In conjunction with the ongoing process of converting all of its builder
subsidiaries to an integrated computer information system ("ICIS"), Fortress
began the project of addressing the Y2K issue during 1998. The Company's project
is directed at modifying or replacing portions of its existing computer systems
to ensure that they will function properly with respect to dates in the year
2000 and thereafter. The Company's plan encompasses both information technology
systems and non-information technology systems, such as chips embedded in its
security systems, office equipment, and facilities.

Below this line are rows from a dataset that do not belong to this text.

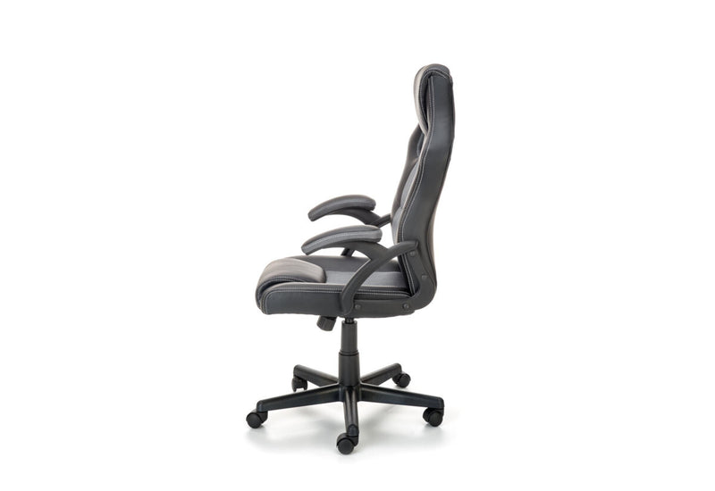 Kancelárska stolička BIRKEL. Kancelárska stolička ponúka vysoký komfort. Pevnosť a stabilitu zaistí konštrukcia s piatimi kolieskami. Telo stoličky je potiahnuté kvalitnou ekokožou v kombinácii s látkou. Mäkký sedák ponúka pohodlie pri sedení. Vďaka mechanizmu TILT je možné ľahko upraviť výšku sedacej plochy podľa potreby. Vďaka svojmu štýlu si nájde miesto v každej pracovni. Možnosť výberu z dvoch čalúnení.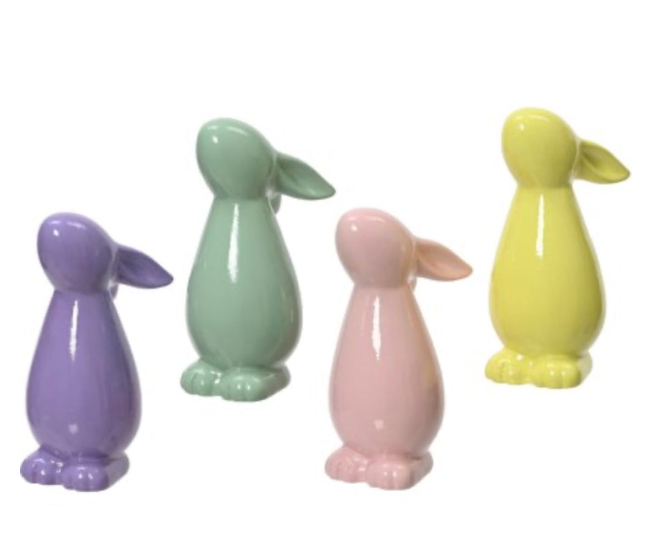 These colourful bunny ornaments will add a touch of whimsy and charm to any home. These bunnies come in pastel colours, each with a shiny finish. Perfect for decorating shelves, tables, mantles or any other surface in the home this Easter. These playful bunnies will bring a smile to anyone's face and a burst of colour to the space.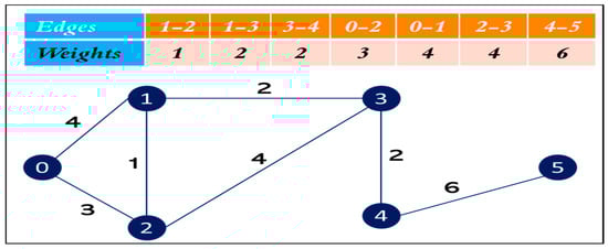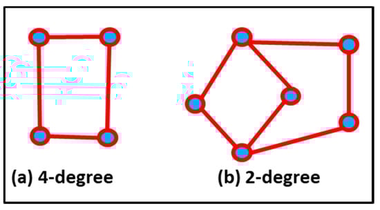 We can use GT concepts in network security to represent the network attacks in real time/offline. For example, a graph G with n number of vertices in which we search for a vertex of at most size k. Here, our aim is to find a minimum vertex cover in the graph whose vertices can be used as routing servers and whose edges will be used to connect these routing servers with each other [,]. Then, a worm circulation solution should be found, and we can try to define a defense strategy for networks against worm circulation only on the relevant vertex. A graph G which has a set of edges E is said to cover G if each vertex of G occurs on at least one edge in e. An example of the G and vertex that can cover the graph fully is given in Figure 8.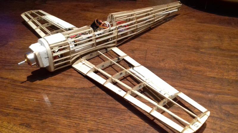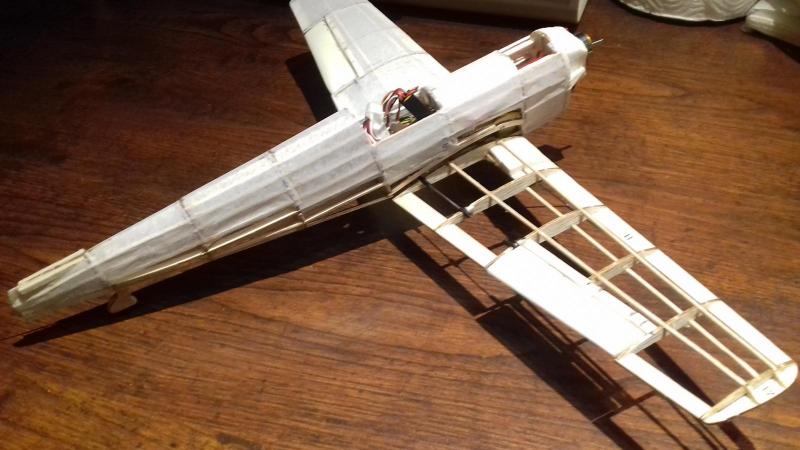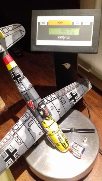 Dziękuję Wam wszystkim za uwagi i spostrzeżenia na temat mojego samolociku. Cieszę się , że Wam się podoba i jeżeli coś wnoszę do tego działu to naprawdę bardzo się cieszę. No a teraz odnośnie tego o co pytaliście. Nie, nie poleciały te samolociki czekam na fajna pogodę , a filmik z oblotu będzie w 100% niezależnie od efektu końcowego. Podział linii na samolocie nanosiłem /rysowałem/ mazakiem do płyt CD. Co do wagi modeliku ,to jest ona taka ,jak podałem /dokładniejszej wagi już nie znalazłem/ z czego jestem niesłychanie dumny. Dowód na zdjęciu. Wyposażenie może mieć dużo do życzenia można znacznie lżejsze zastosować. Silniczek kupiłem w fajnym sklepie "Gammodel" , a jest to silniczek A1504 /mają go na stanie/.Regulator -Turnigy Plush 6A. Dwa serwa . Jedno do lotek turnigy TGY 1440A, ono jest mocniejsze niż serwo steru wysokości /zdjęcie/ Niestety nie dysponuję małym odbiornikiem więc musiałem mocno odchudzić posiadany FS-IA6.Wiem doskonale ,że można lżej. Można użyć innej balsy, popychaczy z węgli itd.... tak będzie w przyszłości. Co do zastąpienia nitrocellonu saugal-em 64a / ważny ten numer , bo zasycha-twardnieje po 4 minutach/ nie jestem w stanie Wam odpowiedzieć jednoznacznie. Myślę że ciężar właściwy lakieru jest większy niż rozpuszczony saudal. Nie sprawdziłem. Stosunek wody do kleju 2do 8 jest umowny, sprawdzony dla bibuły znajdującej się w zestawie. Nie sprawdzałem tego na papierze japońskim , bo go nie miałem. Ważne jest, aby ten bardziej "ekologiczny" lakier nanosić na małe powierzchnie bardzo miękkim pędzelkiem. Stosunkowo szybko to schnie i tu trzeba uważać , bo w wilgotnym pofalowanym papierze klej spływa w bruzdy i gdy już prawie przysycha tym samym miękkim pędzelkiem rozprowadzamy go równo po całym fragmencie poszycia. Jedno jest z tego fajne , że nie trzeba przypinać modelu do deski , bo tak robiony samolot nie wichruje się. Jeszcze malowanie ,tu już mogę podać dokładnie różnicę wagi przed i po. Malowałem pigmentami wodnych lakierów samochodowych. Wodne lakiery mają to do siebie , że po wyschnięciu tracą bardzo dużo na wadze . Cały samolot pomalowałem 3 gramami pigmentów. Niestety to bardzo drogi interes . Te pigmenty są bardzo drogie i nie wiem czy gdybym nie miał dostępu do lakierni samochodowej pomalowałbym mój model. Przepraszam ,że się rozpisałem , ale mini modele są bardzo pasjonującą dziedziną modelarstwa. Pozostaje w tym dziale na bardzo długo.

The general phases of the Company's plan include the following: (1) plan and
ensure company-wide awareness of the Y2K issue, (2) inventory all possible Y2K
risks, (3) assess inventory (including identification of non-Y2K compliant
items, prioritize inventory into mission-critical and non-mission-critical
categories, and plan for repair and replacement of non-compliant items), (4)
repair or replace non-Y2K compliant items, (5) plan and execute Y2K testing, and
(6) design and implement contingency plans for non-compliant items. Due to the
Company's structure and its ongoing computer information system rollout, the
Company is in different phases of implementation of its plan at its different
subsidiaries.
The Company has assessed the information systems of the subsidiaries as its
greatest area of business risk and, accordingly, has given this area highest
priority. As of June 30, 1999, the Company has completed the fifth phase and is
well underway with phase six at all subsidiaries for the core financial
applications. The Company is still in phase 3 for hardware, peripheral computer
equipment, and office equipment at all subsidiaries. The Company plans to have
completed all phases by the end of the third quarter of 1999.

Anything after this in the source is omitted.